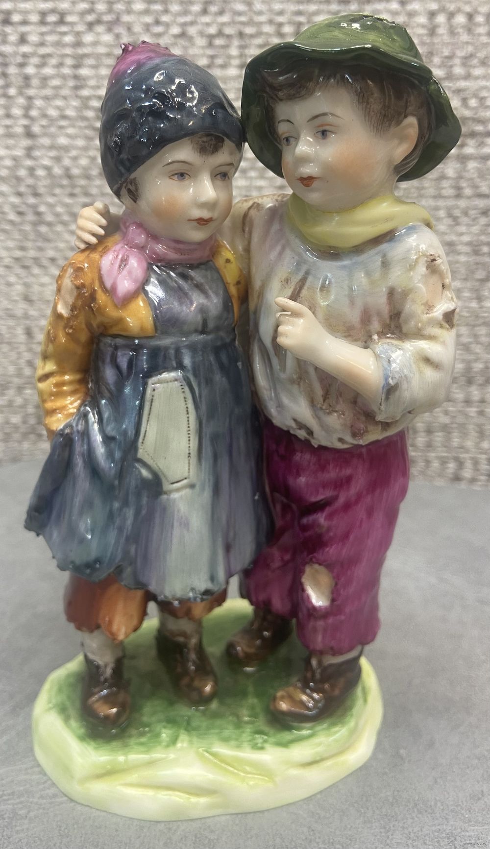 Винтажная немецкая фарфоровая статуэтка "Дети попрошайки" Rudolph Kammer. Высота 15 см.
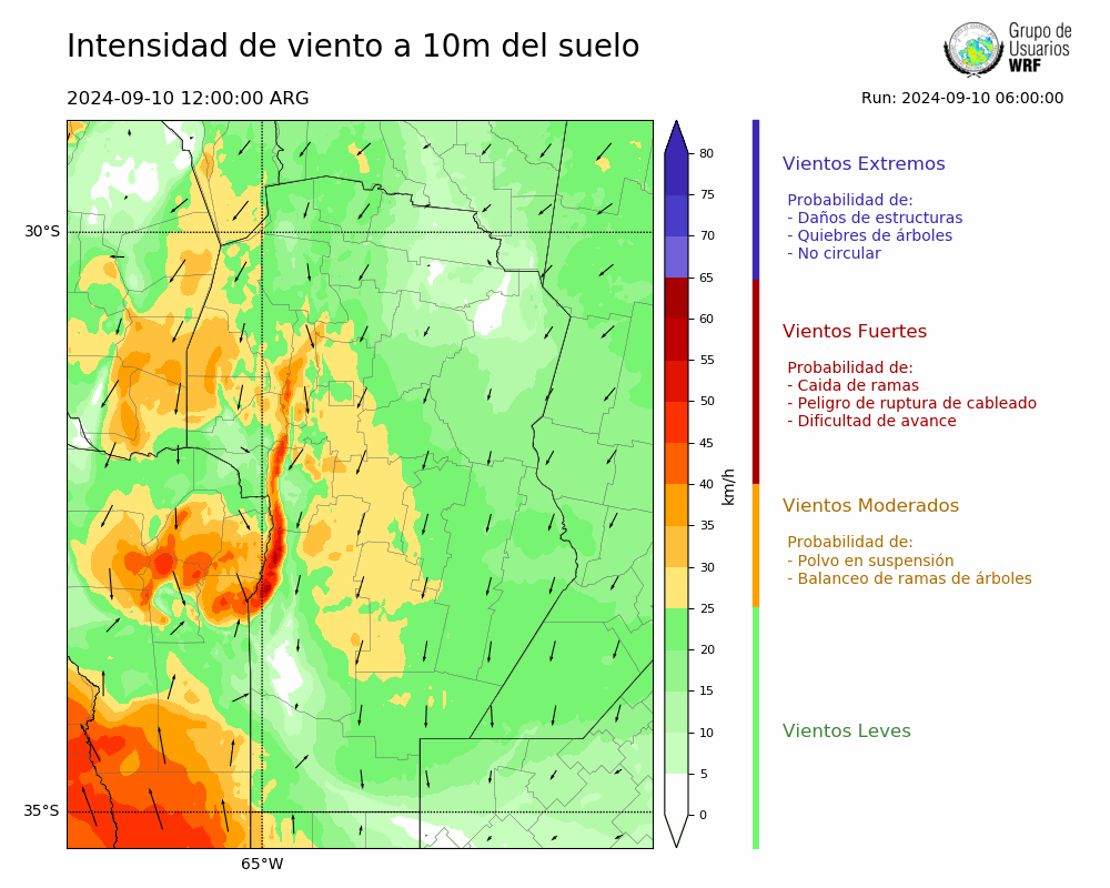 • Intensidad máxima: 26.79 km/h (10/09/2024 22hs.)
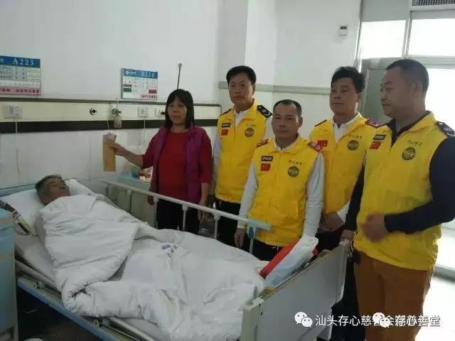 3月21日,存心潮普现德义工队马俊华队长与林楚湖副队长、陈汉德副队长带领马振光、马余胜、马镇松、陈清松、陈少冬等队员,到潮阳区大峰医院亲切看望身患冠心病的孤寡老人马元金,并送上现德义工队自筹的医助金2000元。今年84岁的马元金老人,是潮阳区和平镇下寨居民, 3月13日,马元金老人因身体不适而到潮阳区大峰医院就诊,14日被确诊为患冠心病。是存心潮普分会的长期扶助对象,膝下无子女,孤身一人,根本无能力支付高额的医疗费用,分会驻和平镇的存心现德义工队前往大峰医院进行核实后,马俊华队长即刻启动队内自筹资金,队员们纷纷伸出援手,以解燃眉之急。同时,存心潮普分会呼吁社会热心人士,一起来救助马元金老人,让他早日恢复健康,安度晚年。
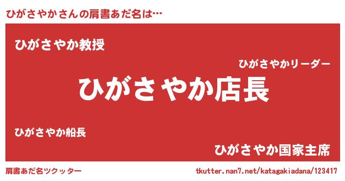 | 2回繰り返すあだ名 | 『ひがひが』『ぽんぽん』『ひひがが』 |
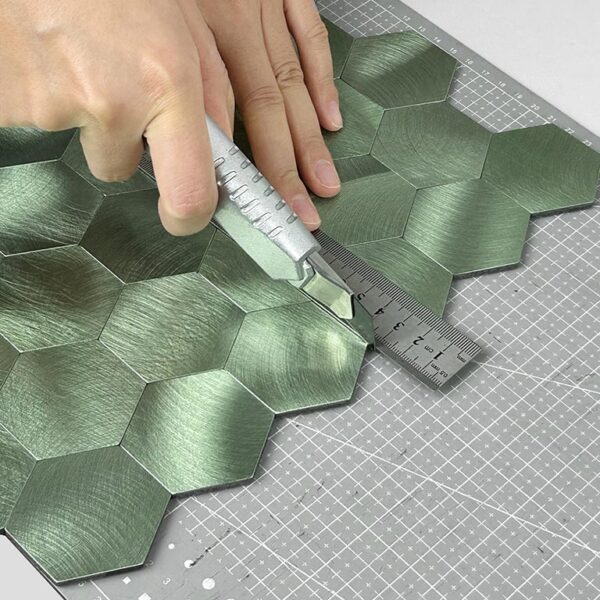 - Verwijder niet gelijk de hele vel van de stickerlaag, maar eerst de helft en kijk of het goed past. Hierdoor kan je de tegel nog los krijgen, mocht het niet passen of niet goed zitten.
★ ★ ★ ★ ★
Output, exactly and only, the lines beginning with the one that contains "2回繰り返すあだ名 | 『ひがひが』『ぽんぽん』『ひひがが』 |" and ending at the last line of the records above. Drop the pictures.

▶ **Written response**
 | 2回繰り返すあだ名 | 『ひがひが』『ぽんぽん』『ひひがが』 |
 - Verwijder niet gelijk de hele vel van de stickerlaag, maar eerst de helft en kijk of het goed past. Hierdoor kan je de tegel nog los krijgen, mocht het niet passen of niet goed zitten.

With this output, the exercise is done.